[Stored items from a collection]
------------------------------

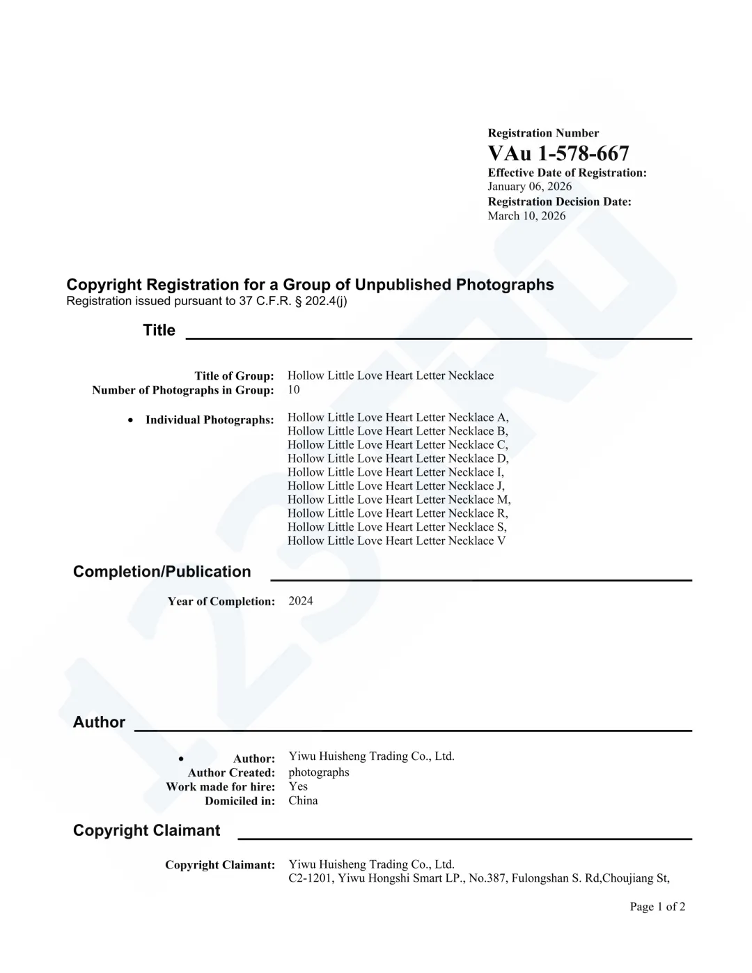 持有人:Yiwu Huisheng Trading Co., Ltd.
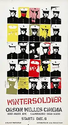 The many documentary filmmakers in the Winterfilm Collective (listed as Winterfilm, Inc. in the credits to the film Winter Soldier) consisted of: Rusty Sachs, Fred Aranow, Nancy Baker, Joe Bangert, Rhetta Barron, Robert Fiore, David Gillis, David Grubin, Jeff Holstein, Barbara Jarvis, Al Kaupas, Barbara Kopple, Mark Lenix, Michael Lesser, Nancy Miller, Lee Osborne, Lucy Massie Phenix, Roger Phenix, Benay Rubenstein, and Michael Weil.[1] The collective produced the 1971 film documentary about the Winter Soldier Hearings in Detroit, as well as associated anti-war protests and marches.
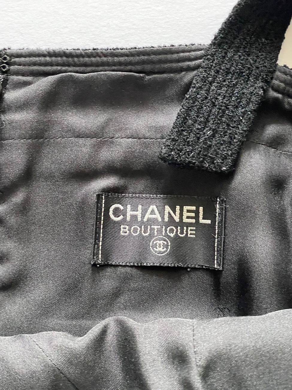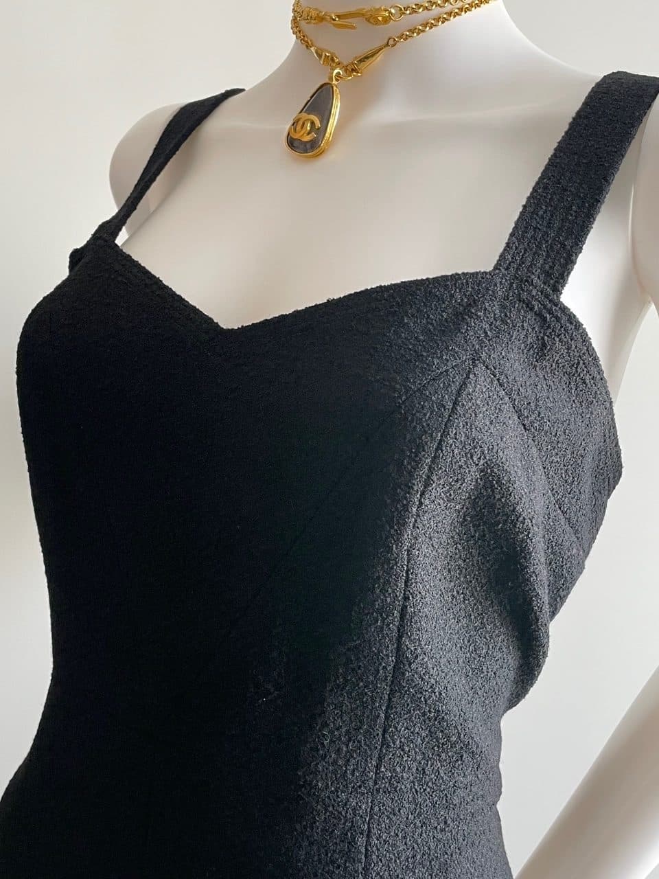 CHANEL Vintage Black Tweed Cocktail Dress C.1990s
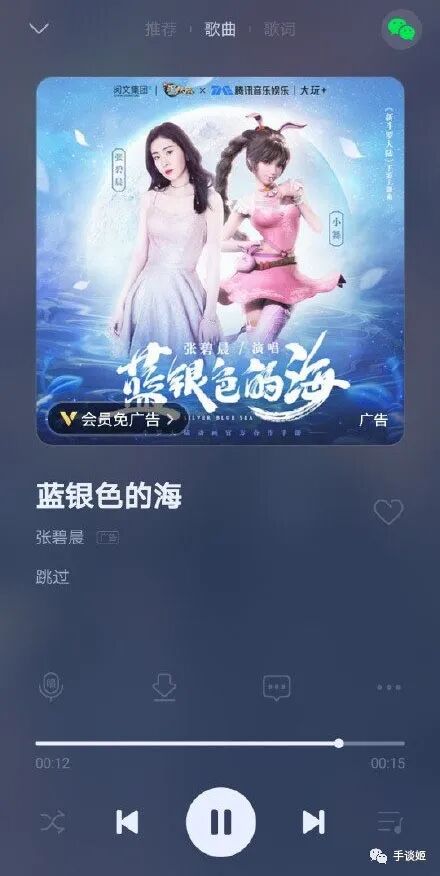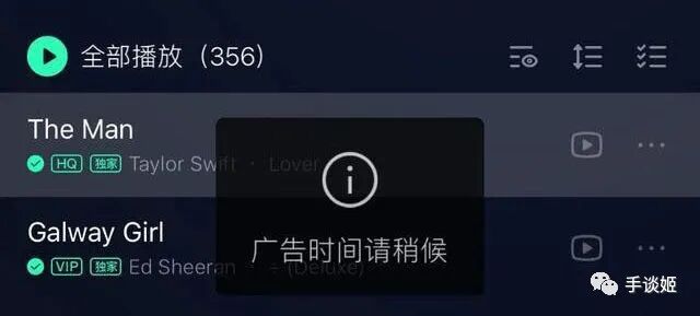 如果有姬友在用有声节目APP听小说或电台的话,对这种形式的广告应该不陌生,但歌曲和有声节目有本质上的区别,三五十分钟的一个节目中间插播15s的广告可以接受,三五分钟的歌曲中间也插一段15s的广告,姬觉得大部分人都是忍不了的。
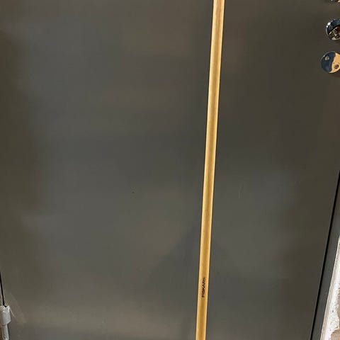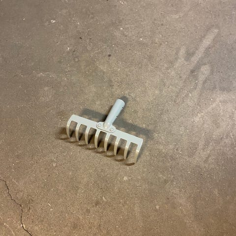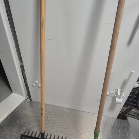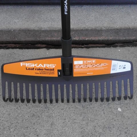 Metallinen harava, jossa puinen varsi. Haravassa on leveä metallinen piha- tai puutarhaharavan pää, joka sopii esimerkiksi lehtien ja roskien keräämiseen pihalta tai puutarhasta. Varsi on puuta ja haravan pää metallia. Kuvassa kaksi samantyyppistä haravaa.
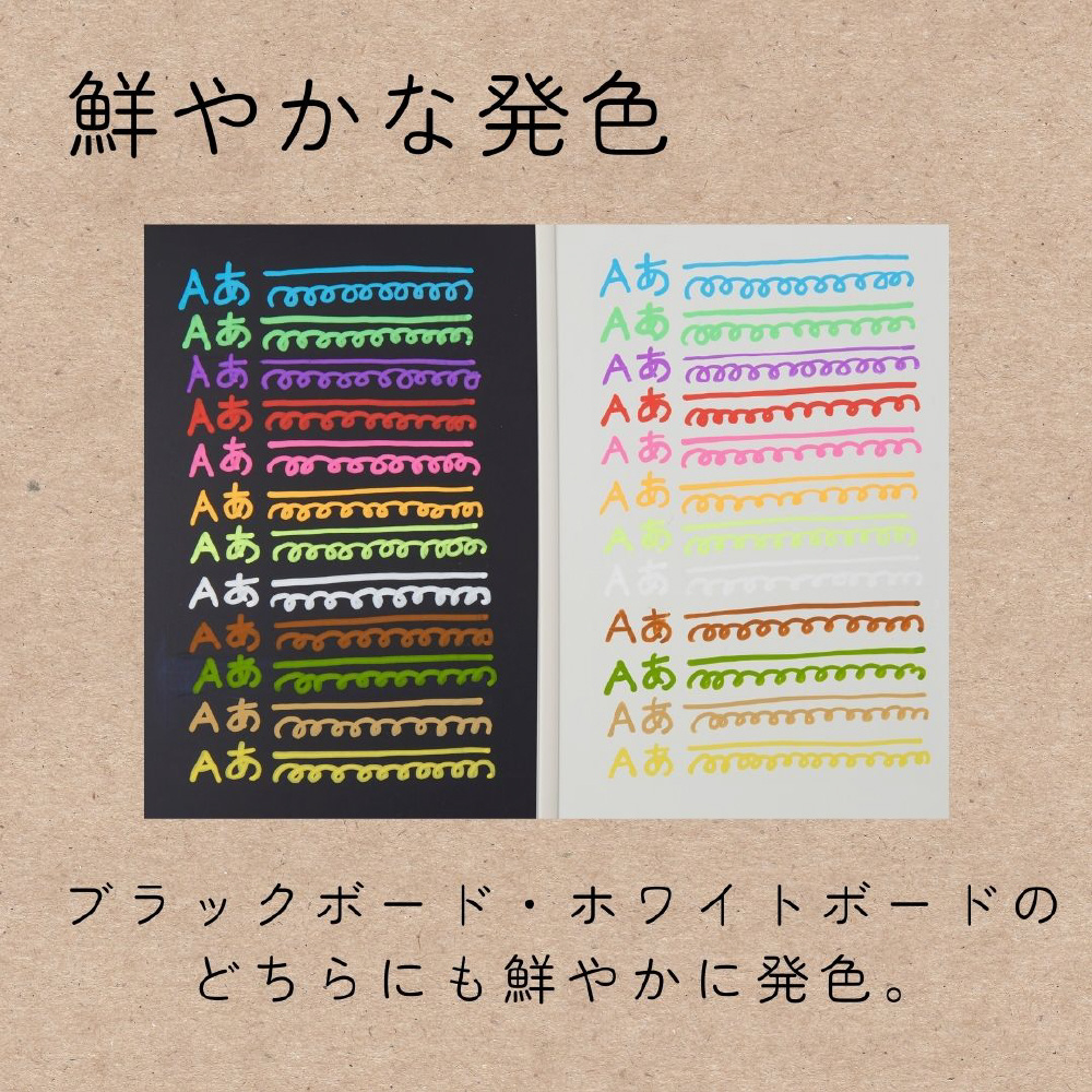 ブラックボード・ホワイトボードのどちらにも鮮やかに発色。
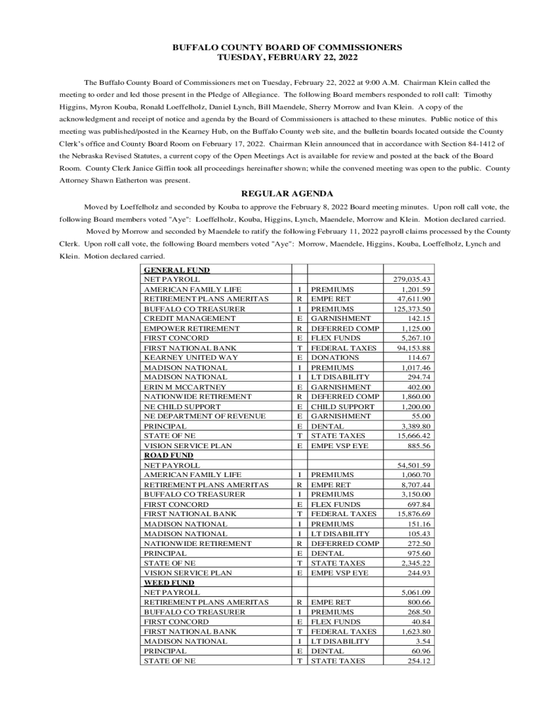 BUFFALO COUNTY BOARD OF COMMISSIONERS TUESDAY, FEBRUARY 22, 2023 The Buffalo County Board of Commissioners met on Tuesday, February 22, 2023 at 9:00 A.M. Chairman Klein called the meeting to order
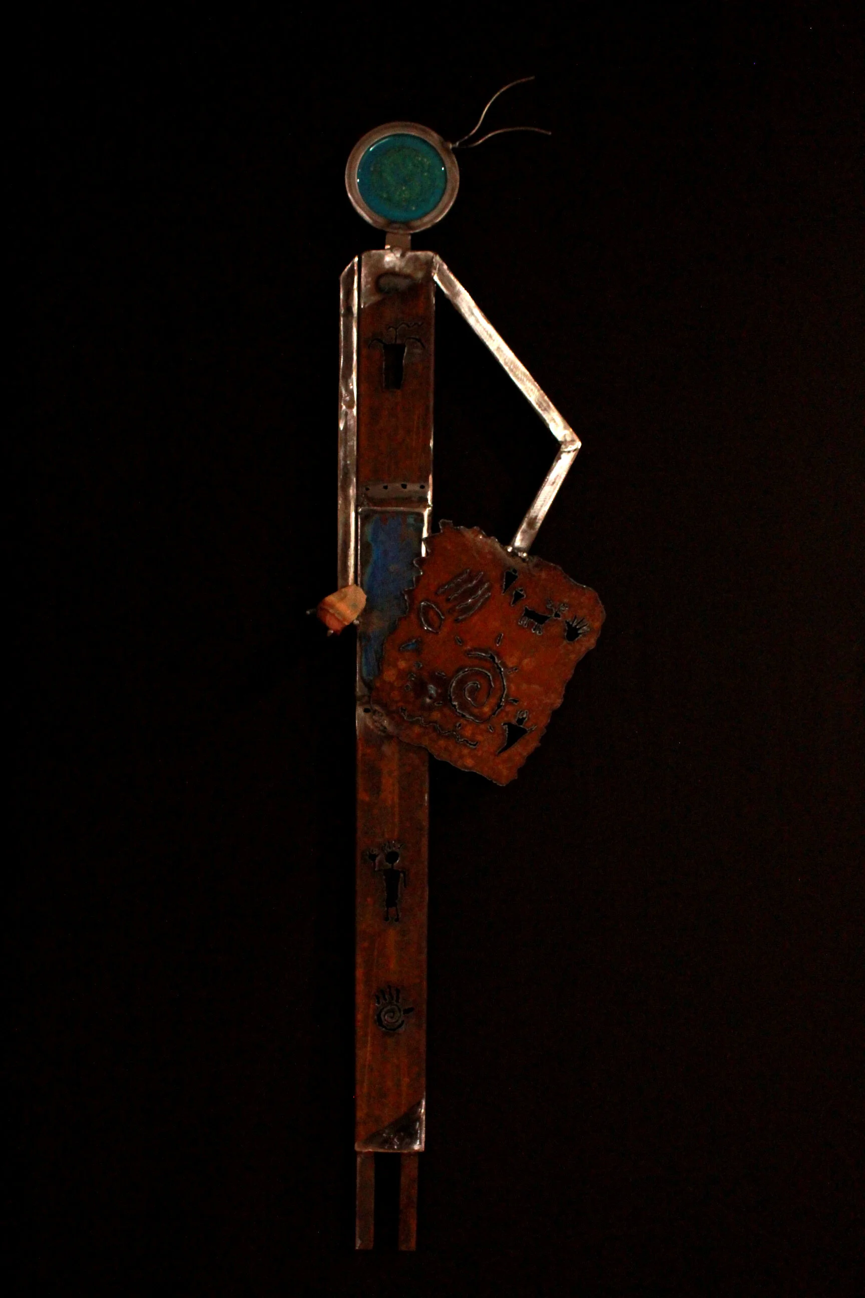Celebrating the fusion and magic of rocks, ancient rock art, and storytelling, the Be the Writer of Your Own Story Shaman is made predominately from repurposed metal. It features Ancestral Pueblo-inspired petroglyph symbols plasma cut by hand into the steel, including a few images found at Bears Ears National Monument in southeastern Utah.
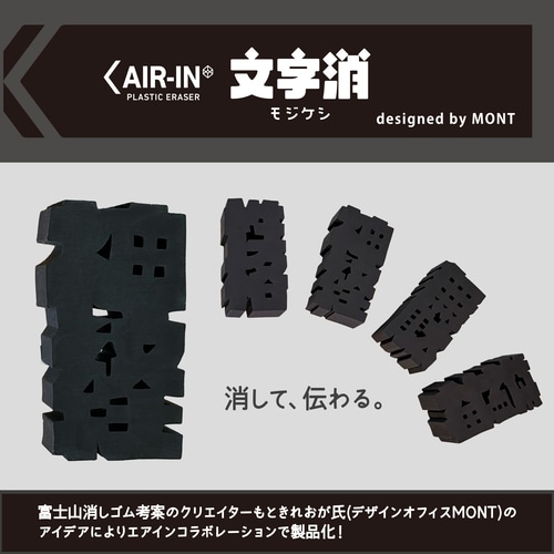 ●富士山消しゴム考案のクリエイター(デザインオフィスMONT)のアイデアよりエアインコラボレーションで製品化!●文字そのものの形をしながら、 使用感も追及しデフォルメデザイン●慣用句や比喩表現 だけじゃない。込められた想いがギフト需要にも●エアインクオリティ!軽い消し心地! 多孔質セラミックパウダー配合のエアイン樹脂を採用【検索ハッシュタグ】#消しゴム#エアイン#プラス#PLUS#新商品
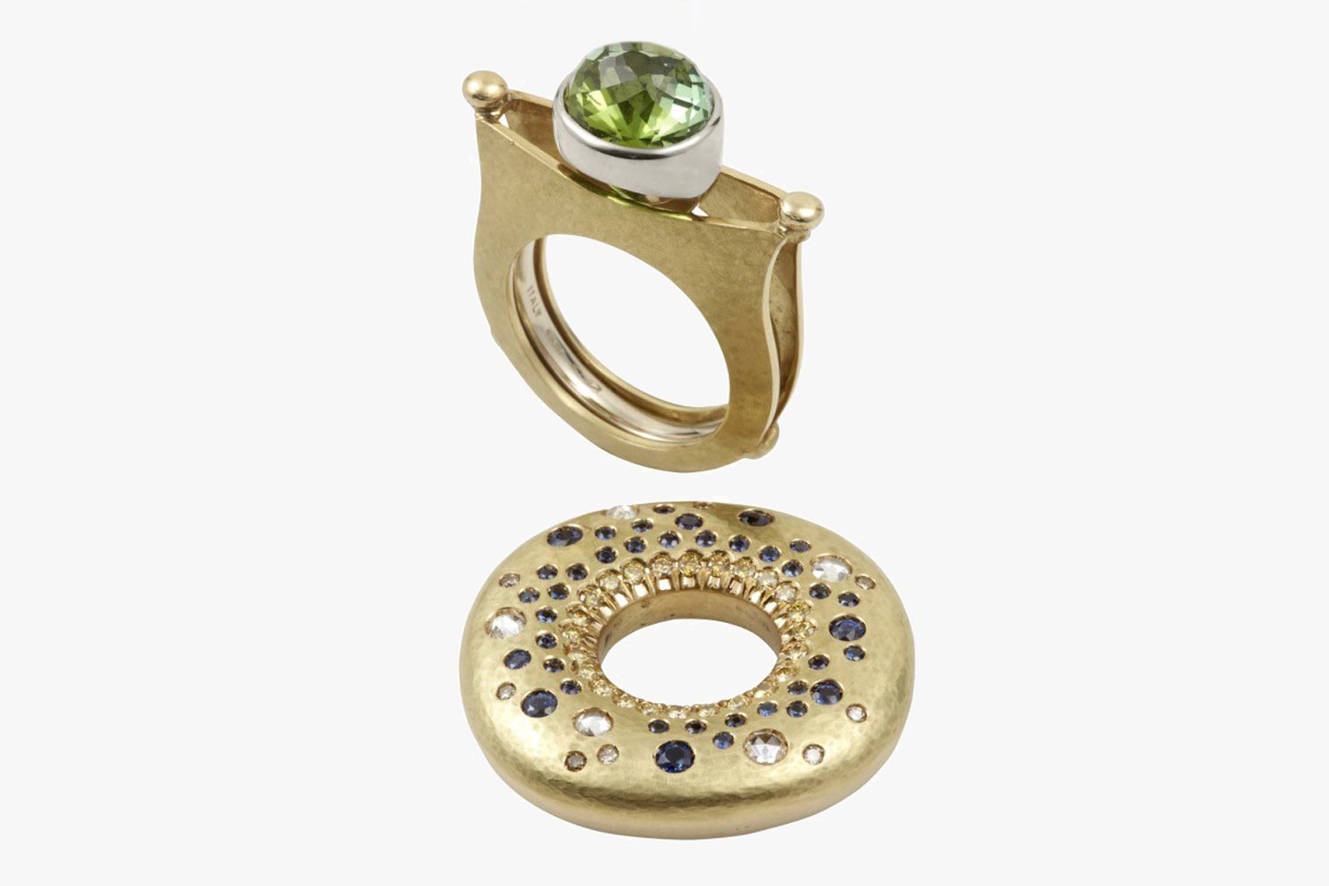 Gondola is inspired by a pair of glass candlesticks made in the 40s by Carlo Scarpa for Venini. The jewel consists of three parts: a fine ring with a stone, a pocket and an oval element. The three pieces together make up the ring. Alternatively, the upper part can be released from the stem and become a pendant or, with the addition of a button, a bracelet while the ring with the stone becomes a very fine engagement ring.
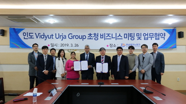 (재)전남테크노파크(원장 유동국)는 인도 비듀뜨 우르자그룹(VIDYUT UTJA) 모한 보롤레(MOHAN BOROLE) 회장을 초청하여 전남 중소 수출기업 활성화를 위한 업무협약을 26일 전남테크노파크 2층 전용회의실에서 체결했다.

------------------------------

=== Assignment ===
In the answer, give only the lines from the top of the data above through the line with "Celebrating the fusion", reproduced exactly; no picture may appear.

=== Solution to this task ===
 持有人:Yiwu Huisheng Trading Co., Ltd.
 The many documentary filmmakers in the Winterfilm Collective (listed as Winterfilm, Inc. in the credits to the film Winter Soldier) consisted of: Rusty Sachs, Fred Aranow, Nancy Baker, Joe Bangert, Rhetta Barron, Robert Fiore, David Gillis, David Grubin, Jeff Holstein, Barbara Jarvis, Al Kaupas, Barbara Kopple, Mark Lenix, Michael Lesser, Nancy Miller, Lee Osborne, Lucy Massie Phenix, Roger Phenix, Benay Rubenstein, and Michael Weil.[1] The collective produced the 1971 film documentary about the Winter Soldier Hearings in Detroit, as well as associated anti-war protests and marches.
 CHANEL Vintage Black Tweed Cocktail Dress C.1990s
 如果有姬友在用有声节目APP听小说或电台的话,对这种形式的广告应该不陌生,但歌曲和有声节目有本质上的区别,三五十分钟的一个节目中间插播15s的广告可以接受,三五分钟的歌曲中间也插一段15s的广告,姬觉得大部分人都是忍不了的。
 Metallinen harava, jossa puinen varsi. Haravassa on leveä metallinen piha- tai puutarhaharavan pää, joka sopii esimerkiksi lehtien ja roskien keräämiseen pihalta tai puutarhasta. Varsi on puuta ja haravan pää metallia. Kuvassa kaksi samantyyppistä haravaa.
 ブラックボード・ホワイトボードのどちらにも鮮やかに発色。
 BUFFALO COUNTY BOARD OF COMMISSIONERS TUESDAY, FEBRUARY 22, 2023 The Buffalo County Board of Commissioners met on Tuesday, February 22, 2023 at 9:00 A.M. Chairman Klein called the meeting to order
Celebrating the fusion and magic of rocks, ancient rock art, and storytelling, the Be the Writer of Your Own Story Shaman is made predominately from repurposed metal. It features Ancestral Pueblo-inspired petroglyph symbols plasma cut by hand into the steel, including a few images found at Bears Ears National Monument in southeastern Utah.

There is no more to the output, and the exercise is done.